The ISSUES of aging receive a huge amount of attention from social workers, therapists, nurses, counselors and organizations whose existence depends on the fact that issues exist and demand attention. 

In my professional world attention is on unmet need, preventing injury, insulating against unhappiness, and providing for every circumstance.  The efforts are governed by regulation after regulation.  Each year there are more hoops to jump through and more rules to follow.

The riches of elderhood, the advantages and gifts are rarely showcased aside from the opportunities and activities designed for healthy elder bodies and minds who fit into the “box” of a younger professional generation’s design. 

There is something important missing. 

Dr. William Thomas’s book What Are Old People For?  grabs my attention,  for he is one of the comparatively few individuals who addresses clearly and unapologetically the blessings and advantages of growing into elderhood. 

I long for the day when growing older becomes accepted as a significant, meaningful and remarkable part of the lifespan; as significant as toddlerhood, the teen years, the time of marriage and raising families, the period of higher education and career development.
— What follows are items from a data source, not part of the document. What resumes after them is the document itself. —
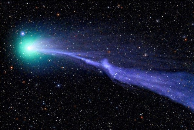C/2014 Q2 — это уже пятая комета, открытая австралийским астрономом-любителем Терри Лавджоем. В конце 2014-го и начале 2015 года ее можно было увидеть в бинокль (или даже невооруженным глазом) в небе Земли. Сине-зеленый цвет кометы связан с двухатомным газом, сгорающим по мере ее перемещения. Ее хвост фрагментирован под влиянием солнечного ветра.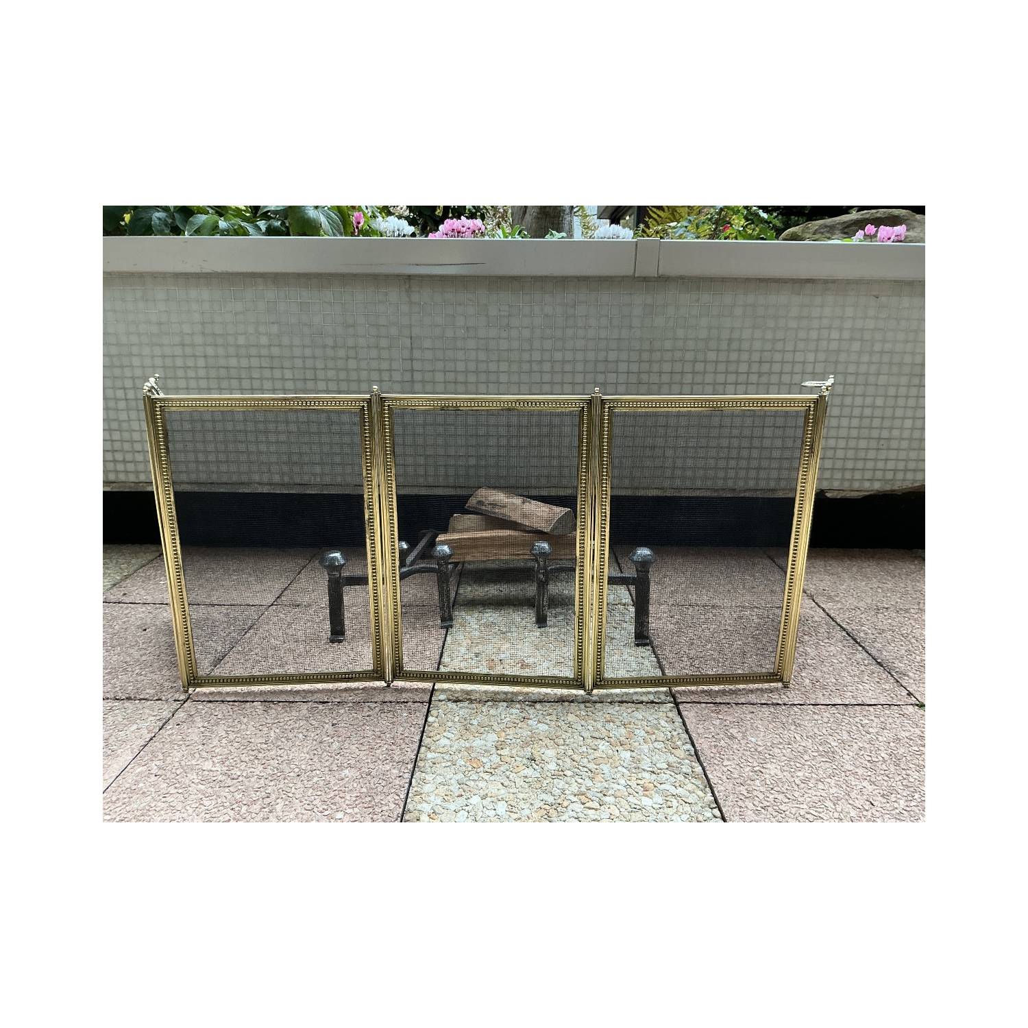 Large pare feu de cheminée ancien en laiton d'époque 19 ème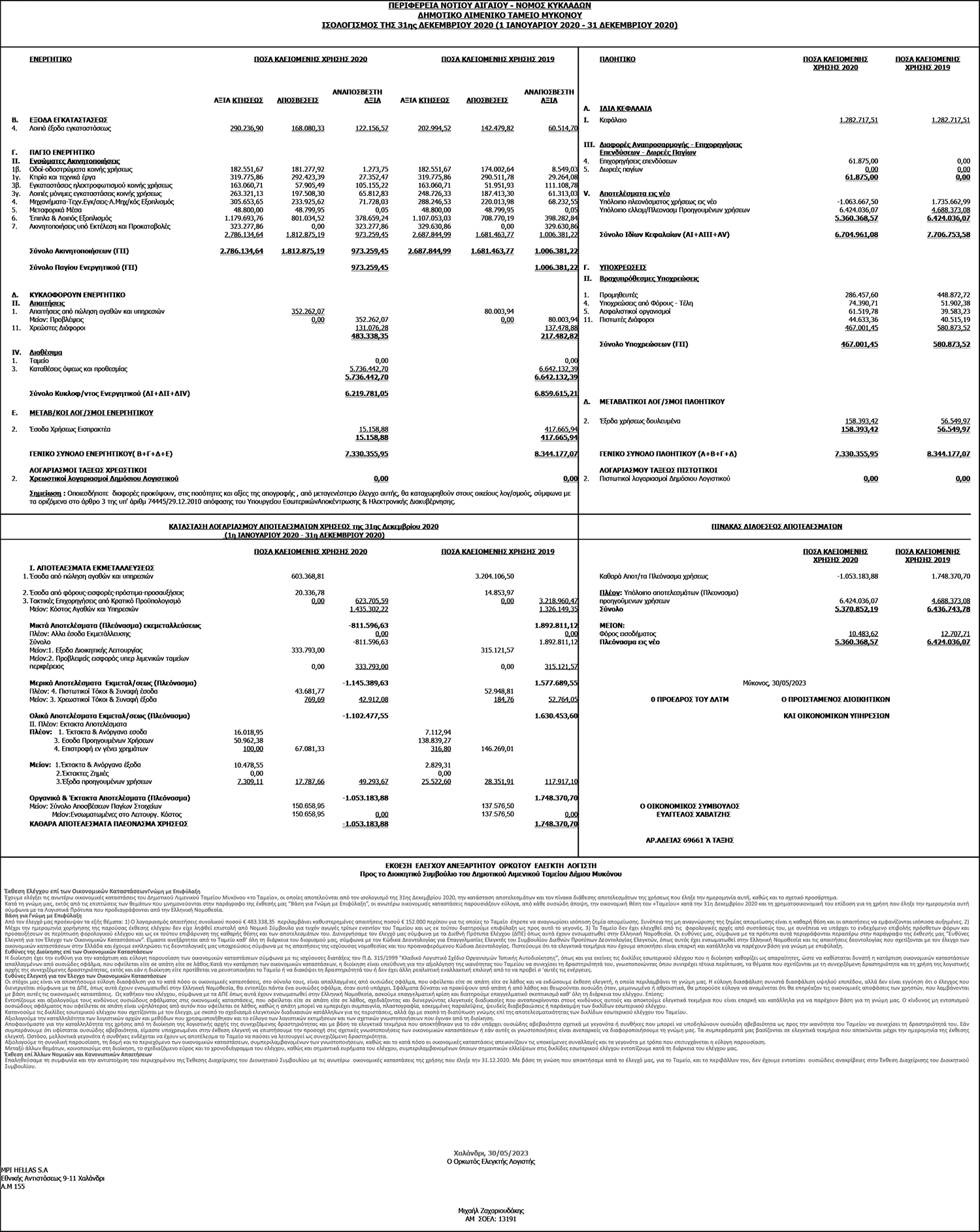 Ισολογισμός της 31ης Δεκεμβρίου 2020, από Δημοτικό Λιμενικό Ταμείο Μυκόνου Κείμενο Βλέπε εικόνα. Αριθμός Φύλλου: Αριθμός Φύλλου 6198 Κατηγορία: Κατηγορία Ισολογισμοί

The time between 60 years old and 90+ (30 years!) are ours to be lived and shared and celebrated daily, not just on birthdays or anniversaries.  The day that we honor our own experience and wisdom and seek ways to share it with our families is the day we truly come into ourselves and begin living a life of legacy and significance.  

This is living.  This kind of living allows for the grace and wisdom to accept what cannot be changed  and be hopeful and purposeful about what changes are in our power to effect.